Intracellular Ca2+ Concentration Analysis
The Ca2+-sensitive probe Fluo-4-AM staining (Invitrogen, USA) was used to detect changes in intracellular concentration of Ca2+ as reported previously (Soletti et al. 2010). Cells collected were incubated with Fluo-4-AM at a final concentration of 5 μM for 1 h at 37 °C and then washed three times to remove excess probe. The fluorescence intensity was examined using a fluorescent microscope (Carl Ziess). The average of fluorescence intensity for each cells was calculated with Image J and used to determine intracellular Ca2+ concentration.
Western Blot Assay
Whole cell pellets were lysed by radio-Immunoprecipitation assay (RIPA) buffer (Sigma-Aldrich, USA) containing 1 % protease inhibitor cocktail (Sigma-Aldrich, USA) and 2 % phenylmethylsulfonyl fluoride (PMSF, Sigma-Aldrich, USA). The supernatant was collected and protein concentration was assessed using the Bradford method. Proteins were separated using a 10 % SDS-PAGE gel and electrophoretically transferred onto nitrocellulose membranes (Bio Basic, Inc.). The transferred membranes were then blotted with rabbit antibodies against rat total ERK1/2 (t-ERK1/2), phospho-ERK1/2 (p-ERK1/2), total Akt (t-Akt), phospho-Akt (p-Akt), total GSK-3β (t-GSK-3β, a subunit of GSK-3), phospho-GSK-3β (p-GSK-3β), glyceraldehyde 3-phosphate dehydrogenase (GAPDH), Bcl-xL, cleaved PARP, and total PARP (Cell signaling, USA) at a concentration of 1:1,000 at 4 °C overnight, followed by co-incubation with horseradish peroxidase (HRP)-conjugated secondary antibodies (Santa Cruz, USA). Chemiluminescence was detected using ECL detection kits (GE Healthcare, UK). The intensity of the bands was quantified by scanning densitometry using Quantity One 4.5.0 software.
Statistical Analysis
One- or two-way variance analysis (ANOVA) was used to detect statistical significance, followed by post hoc multiple comparisons. Data are expressed as mean ± standard deviation (SD). Statistical significance was defined as P < 0.05.
Results
The Effects of PF Against Cell Damage and Apoptotic Alternations
Exposure of cells to 4 mM MPP+ for 24 h resulted in approximately 42 % loss of cells; but, cells pretreated with PF in a range of 50–400 μM had a significant higher cell viability compared to cells treated with MPP+ alone (70–77 vs. 58 %, P < 0.05). The most significant effect was observed at a dose of 200 μM (Fig. 1a). This dose was then applied in further experiments.

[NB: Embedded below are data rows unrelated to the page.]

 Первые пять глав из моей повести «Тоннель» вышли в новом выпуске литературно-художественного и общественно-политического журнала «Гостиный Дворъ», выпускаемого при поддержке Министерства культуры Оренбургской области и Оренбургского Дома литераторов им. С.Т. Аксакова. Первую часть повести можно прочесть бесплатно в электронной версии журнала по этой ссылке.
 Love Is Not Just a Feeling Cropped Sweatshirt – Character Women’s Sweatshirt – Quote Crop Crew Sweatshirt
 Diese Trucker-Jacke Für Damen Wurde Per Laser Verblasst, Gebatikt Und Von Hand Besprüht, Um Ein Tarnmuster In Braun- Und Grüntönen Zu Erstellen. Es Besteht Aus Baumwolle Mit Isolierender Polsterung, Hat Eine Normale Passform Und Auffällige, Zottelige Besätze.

Cells were treated with various doses of PF for 3 h, followed by exposure to 4 mM MPP+ for 24 h. Cell viability was examined using the MTT method, a LDH release was measured using an enzyme assay in culture medium collected from cells pretreated with 200 μM PF for 3 h and exposed to 4 mM MPP+ for 24 h, b Cellular apoptotic alterations were examined using flow cytometry in cells pretreated with 200 μM PF and exposed to MPP+ for 12 h, c Data are expressed as mean ± standard deviation (SD) (n = 3–6) and analyzed using one-way ANOVA.# P < 0.05 vs. control (CTRL), *P < 0.05 and **P < 0.01 vs. MPP+-exposed cells
MPP+ treatment also resulted in a 43 % increase of LDH release into cultured medium compared to untreated cells (P < 0.05); but, the addition of 200 μM PF strikingly inhibited the MPP+-induced LDH release (87 vs. 143 %, P < 0.01) (Fig. 1b).

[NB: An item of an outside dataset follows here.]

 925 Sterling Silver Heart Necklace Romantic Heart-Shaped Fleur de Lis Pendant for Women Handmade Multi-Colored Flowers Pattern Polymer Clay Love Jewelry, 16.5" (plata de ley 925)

Flow cytometry revealed that there was a significantly higher proportion of apoptotic cells (Q2 + Q3) in MPP+-exposed cells (16.8 %) than that in unexposed cells (6.2 %, P < 0.01), but pretreatment with PF significantly reduced the proportion of apoptotic cells to the level of the unexposed cells (6.1 %, P < 0.01) (Fig. 1c).
The Effects of PF Against Intracellular Ca2+ Overload and Mitochondrial Apoptotic Alteration
While intense red fluorescence indicative of healthy cells was present in untreated cells, a notable number of cells stained with intense green fluorescence indicative of mitochondrial apoptosis were observed in MPP+-exposed cells, but most of green fluorescence-stained cells disappeared when PF was added (Fig. 2).
Mitochondrial membrane potential (Δψm) was determined using the molecular probe JC-1 in cells pretreated with 200 μM PF and exposed to 4 mM MPP+ for 24 h. Red fluorescence indicates healthy cells with high Δψm, whereas green fluorescence indicates apoptotic or unhealthy cells with low Δψm. Scale bar 20 μM (Color figure online)
Exposure to the neurotoxin resulted in a 44 % increase of intracellular Ca2+ load compared to untreated cells (P < 0.05). Pretreatment with PF significantly reduced the MPP+-induced increase of Ca2+ load (112 vs. 144 %, P < 0.05) (Fig. 3).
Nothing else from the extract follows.